As noted in last night's post some retracement was expected early this week in the wake of last week's surge. The S&P carved out a shooting star reversal pattern at the 50% fib. retracement of the Feb. highs to the March lows, and the NAZ printed a bearish engulfing stick at resistance area. Further corrective trade is expected in the coming days.
The manner in which we correct is of utmost importance. A sharp, high volume retracement would be bearish. But if the retracement observes the R-zone as support and volume is contained, it will be positive for the bulls.
The markets opened the week with an extension of the four day win streak and the Dow/S&P were able to maintain the intraday uptrend into midday.

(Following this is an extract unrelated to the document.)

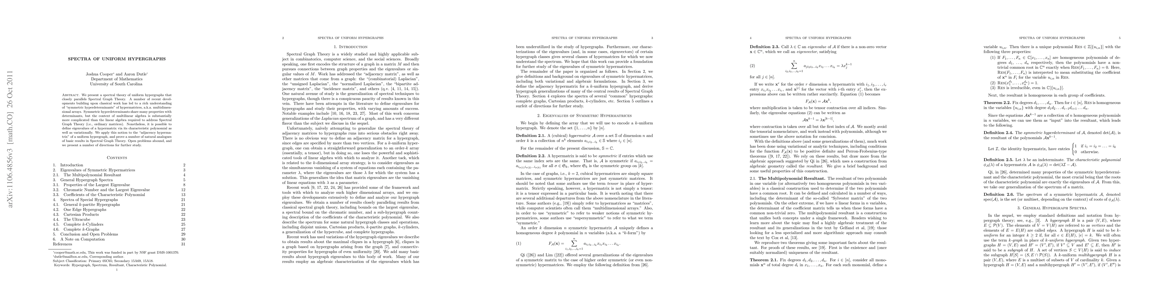 We present a spectral theory of hypergraphs that closely parallels Spectral Graph Theory. A number of recent developments building upon classical work has led to a rich understanding of "hyperdeterminants" of hypermatrices, a.k.a. multidimensional arrays. Hyperdeterminants share many properties with determinants, but the context of multilinear algebra is substantially more complicated than the linear algebra required to address Spectral Graph Theory (i.e., ordinary matrices). Nonetheless, it is possible to define eigenvalues of a hypermatrix via its characteristic polynomial as well as variationally. We apply this notion to the "adjacency hypermatrix" of a uniform hypergraph, and prove a number of natural analogues of basic results in Spectral Graph Theory. Open problems abound, and we present a number of directions for further study.

Finance paced the way in early trade after gains overseas, encouraging remarks from the Fed Chair during a weekend interview on 60 Minutes, and rumors about the government possibly requesting delivery of stock certificates held by AIG and other TARP institutions, thus preventing short-sellers from borrowing the shares.
But, the Nasdaq faltered after a higher open and failed to confirm the S&P move to new highs. Then the XLF carved out a double top and rolled over with afternoon profit taking persisting into the close. The steady slide over the final few hours of trade ended the winning streak but losses were minimal.
Important to monitor economic data - housing starts, building permits, and PPI tomorrow in pre-market. FOMC - FED interest rates on Wednesday.
OPEX (options expiration) is on Friday. Open interest sometimes moves from one extreme to the other during OPEX week. Also, things start to get a little choppy Wed. and Thurs. prior to OPEX.